Category Archives: Fat Burning

Overcoming The “Fit But Fat” Syndrome

Training for a half marathon but cant lose weight? Cycling several times per week, but carrying excess weight?

The calories you burn during workouts are inconsequential to your overall body weight or body fat content! Instead, it is how well you use your exercise time to reprogram your daily physiology that matters.

“Many people say that, as they age, they eat and exercise the same amount but still gain weight. One of  the main causes of this is loss of muscle mass. Genetically, women have  less muscle than men, and as a woman ages, the preservation of lean  muscle becomes vital.  By the time you’ve hit 30, muscular strength begins to head south.
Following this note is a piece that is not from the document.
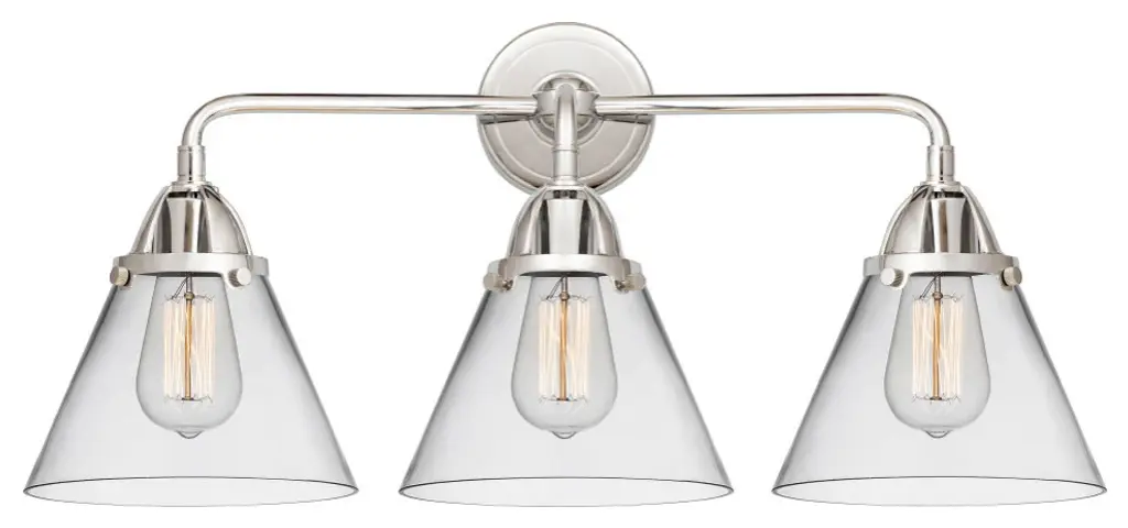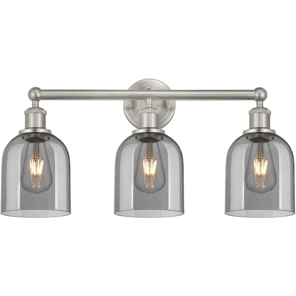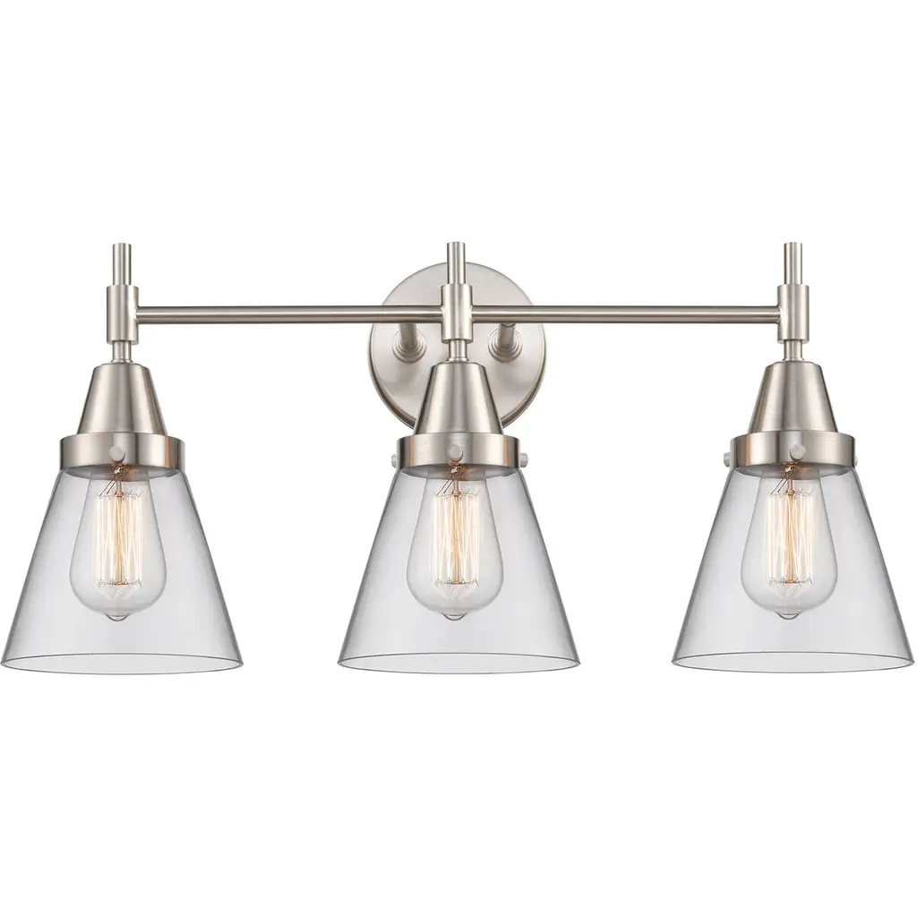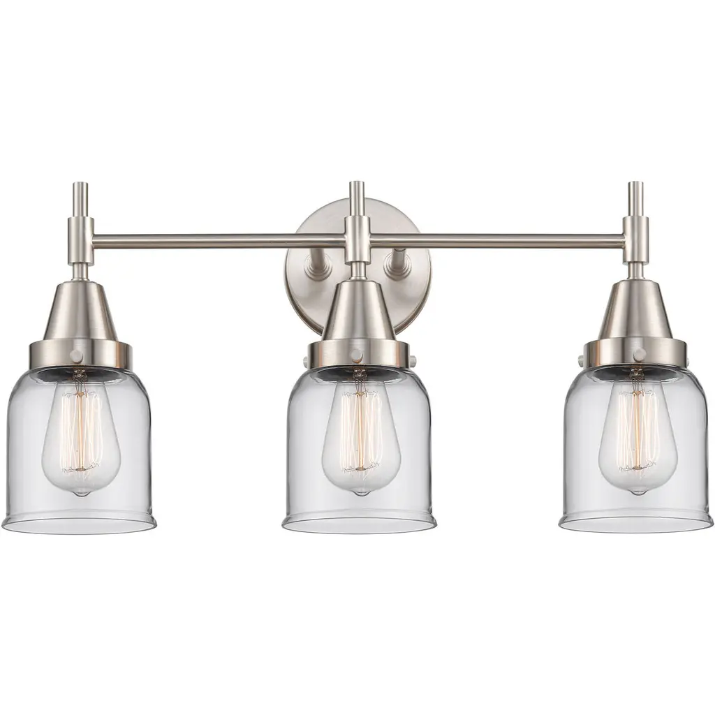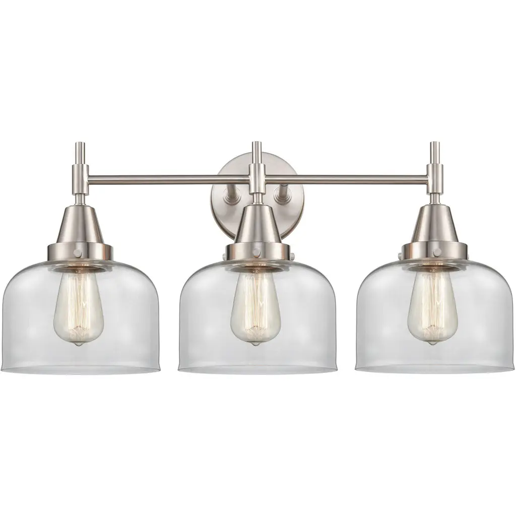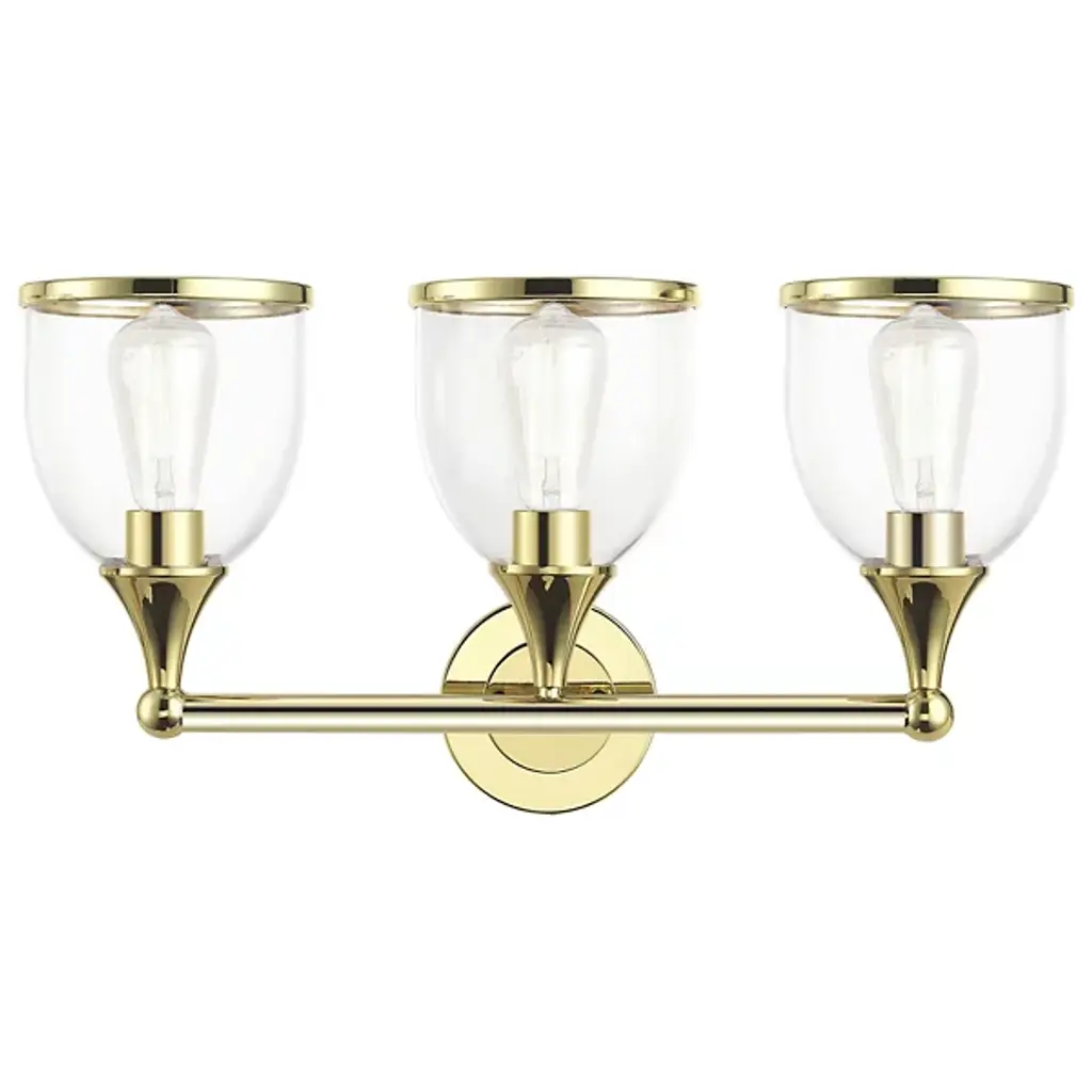 The Dyna Vanity Light from Alder & Ore infuses modern spaces with a touch of vintage sophistication. This transitional fixture features multiple mouth-blown clear glass shades, elegantly framed by metal bands and mounted on a sleek crossbar attached to a stepped circular wall plate. Its versatile design allows for installation above a bathroom mirror, either facing up for ambient light or down for task lighting. The durable steel construction and damp-listed rating ensure both resilience and style, making it a refined choice for more intricate decor.

But the majority of the decrease occurs after age 50, when it falls at the rate of 15 percent per decade. “Tom Holland,  Exercise Physiologist

“By Your mid-30s, most people still look young, but are already experiencing the BIG Three of aging: deteriorating lean muscle mass, worsening posture, and crumbling joints” say Robert Forster, Physical Therapist, PT and developer of the 24 Fit Workout.

Have you experienced a Monday morning bloat after a weekend of great workouts? Ever look in the mirror and see a pudgy, bloated you and the scale says you’ve gained a pound or two for all your hard efforts?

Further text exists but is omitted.